As if she could hear my thoughts, her eyes shot to me. Something in them tugged at my subconscious, as if she was trying to tell me something. But before I could understand, she turned for a door next to us, opening it slowly.
I pinned my lips together to keep from making a noise. My eyes gobbled up what was on the other side of the door. Rows and rows of jail cells. The ones I could see were more like the HDF prisons. Sterile, clean, and even had seatless toilets, unlike the fae cages.
Men, women. Young and old. Sickly, thin, and haggard.
Humans.
They all looked as if they had been plucked right off the streets of Savage Lands. Those who had no shelter, no job, and no food. Living from moment to moment, hoping for someone to actually see them. To care and help.
Lena grabbed a tilt truck, wheeling it through the door.
As the door started to shut, someone moved in the farthest cell against the wall, the same double secured type of lockup Warwick and I were in on the fae side.
I caught a flash of brown eyes, dry, tangled reddish-brown hair, and a boney figure huddled against the bars.
I blinked, and the door closed, but my chest heaved as if it understood something my brain hadn’t picked up on. Prickles danced down my vertebrae, my head dizzy, stumbling me to the side.
“Whoa . . .” Blondie grabbed for me. “Let’s get this one back to her cell before she passes out on me.”
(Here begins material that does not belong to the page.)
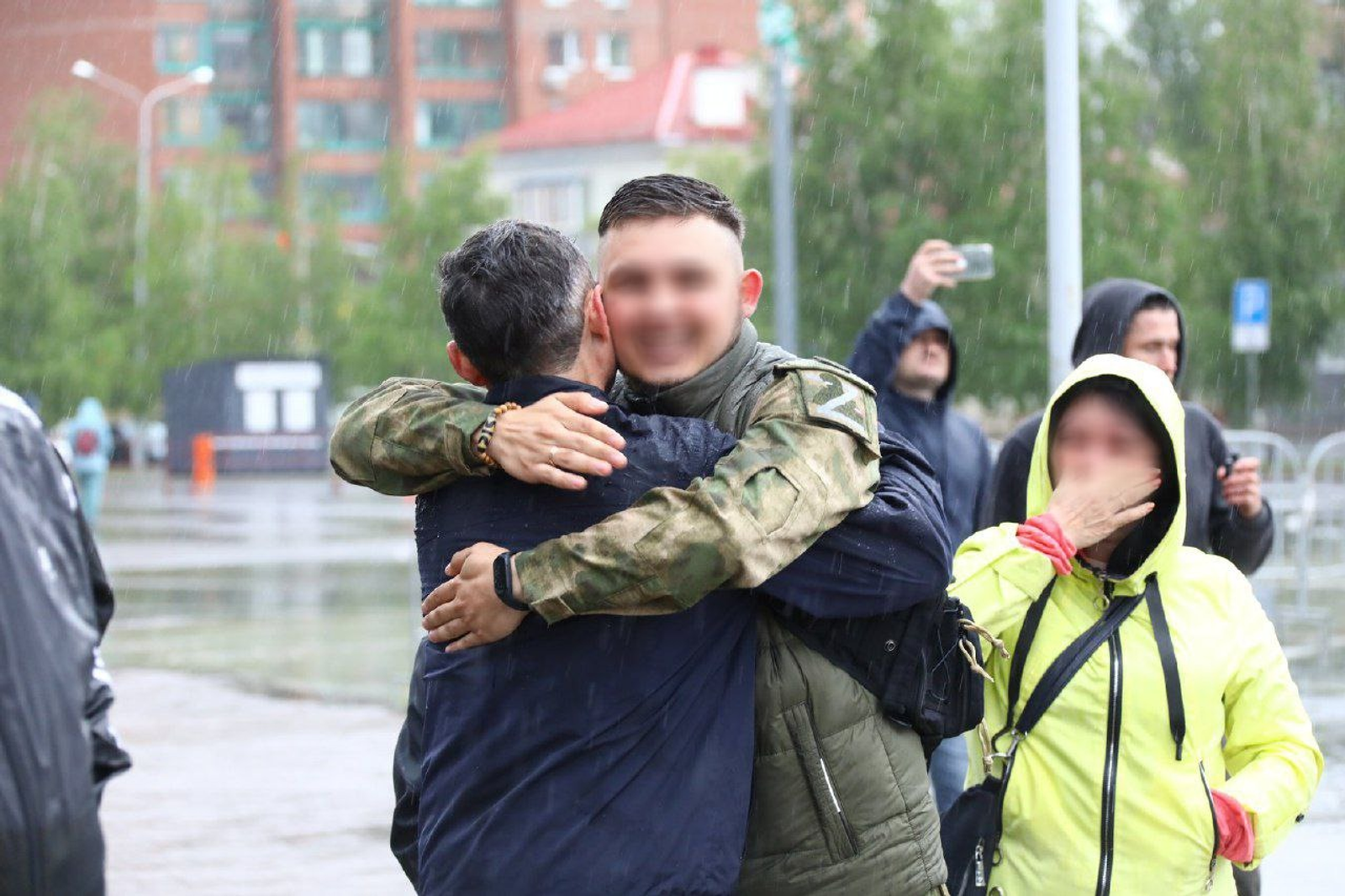 «Сынок, ты там давай поосторожнее, будь внимателен, береги себя», — обнимает мама одного из бойцов. «Мать, ну ты что, наш парень взрослый мужик. Проходил уже «горячие» точки», бывалый он», — тут же останавливает женщину отец солдата.

Brown Curls tossed the girl’s body into the bin, brushing off his hands.
“Dump her and get to the lab,” he ordered Lena.
“Yes, sir.” She bowed her head.
I didn’t even glance at Lena as they pulled me away, heading back for the fae side, my mind still reeling.
You’re delirious.
I was exhausted. Weak. Traumatized. Hallucinating from blood loss and hunger.
There was no way I saw who I thought I saw.